Raw data.
※
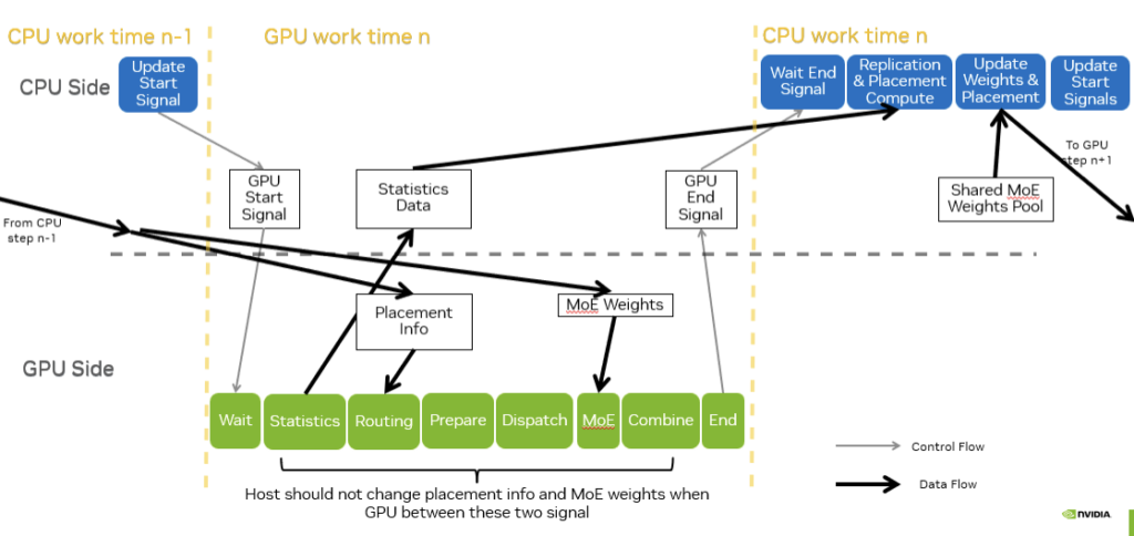 - 编排流程(更新权重与放置组件)将 MoE 权重从 CPU 内存更新并重新加载到 GPU 设备显存。该组件还将使用由复制与放置计算组件生成的放置信息。我们的可扩展设计允许通过 MNNVL 或 NIC 从远程 GPU 显存重新加载 MoE 权重。
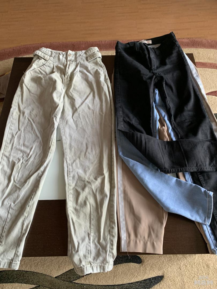 Бершка р.32 светлые 800₽, отличная посадка, глория р.12-13/158, цена 500₽; синии denim р.42-44 цена 400₽; брюки светло-беж с лампасами цена 300₽. За все 1600₽. Почта и др, самовывоз Павловский Посад
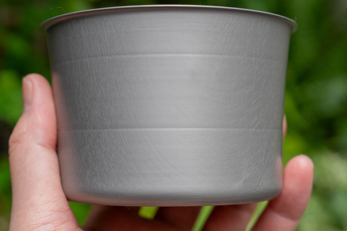 kanamari400 は見てわかる通りハンドルが付いておらず、ノンハンドルタイプのカップに同じくつまみなどのないリッドがセットになったクッカーです。容量は400ml(満水時)で、クッカーとしては最小クラス。重量はクッカーが31gにリッドが10gで合わせて41gと50gを切る軽量さ。kanamari400 と同等のサイズのカップといえば、エバニューのチタンクッカー「Ti400NH」がありますが、こちらは重さ34gと、重量だけでいえばチタンのTi400NH よりもアルミのkanamari400 の方が軽量という結果に。400mlクラスのクッカーやカップでは最軽量クラスと言えるでしょう。
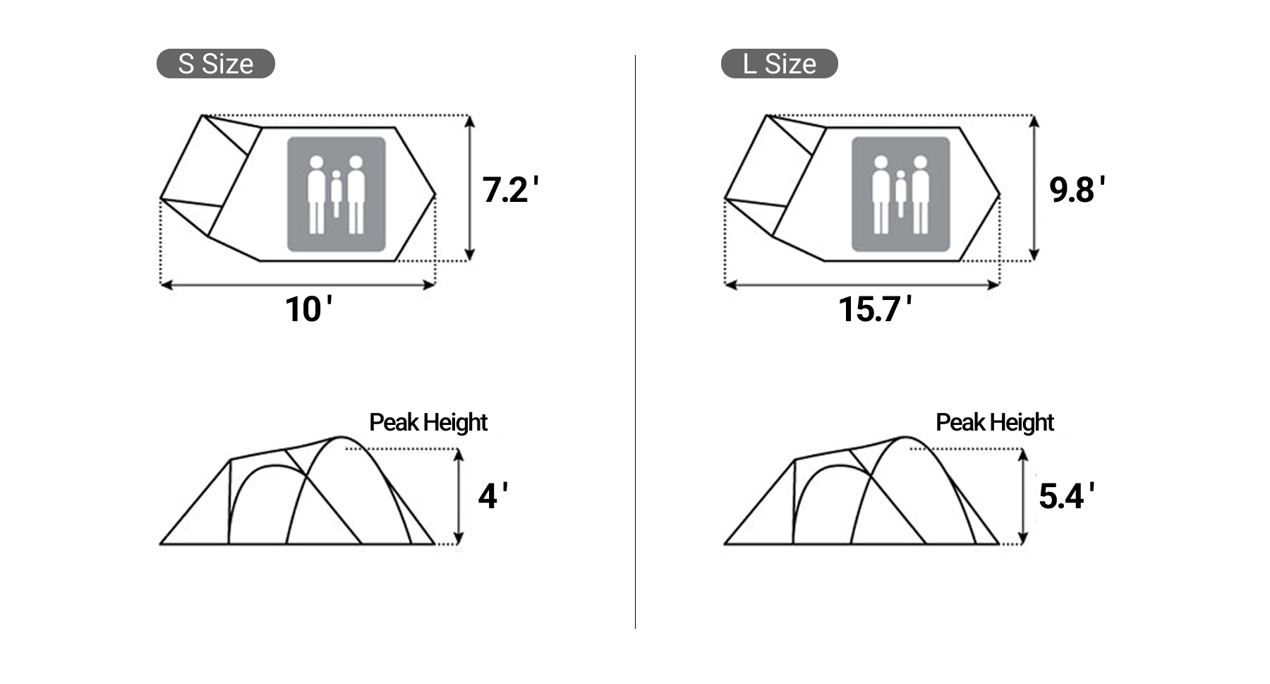 • L Size: 15.7'(L) × 9.8'(W) × 5.4'(H)
※
Work order. Skip the images and set down the rest of the data unchanged.

Result below.
 - 编排流程(更新权重与放置组件)将 MoE 权重从 CPU 内存更新并重新加载到 GPU 设备显存。该组件还将使用由复制与放置计算组件生成的放置信息。我们的可扩展设计允许通过 MNNVL 或 NIC 从远程 GPU 显存重新加载 MoE 权重。
 Бершка р.32 светлые 800₽, отличная посадка, глория р.12-13/158, цена 500₽; синии denim р.42-44 цена 400₽; брюки светло-беж с лампасами цена 300₽. За все 1600₽. Почта и др, самовывоз Павловский Посад
 kanamari400 は見てわかる通りハンドルが付いておらず、ノンハンドルタイプのカップに同じくつまみなどのないリッドがセットになったクッカーです。容量は400ml(満水時)で、クッカーとしては最小クラス。重量はクッカーが31gにリッドが10gで合わせて41gと50gを切る軽量さ。kanamari400 と同等のサイズのカップといえば、エバニューのチタンクッカー「Ti400NH」がありますが、こちらは重さ34gと、重量だけでいえばチタンのTi400NH よりもアルミのkanamari400 の方が軽量という結果に。400mlクラスのクッカーやカップでは最軽量クラスと言えるでしょう。
 • L Size: 15.7'(L) × 9.8'(W) × 5.4'(H)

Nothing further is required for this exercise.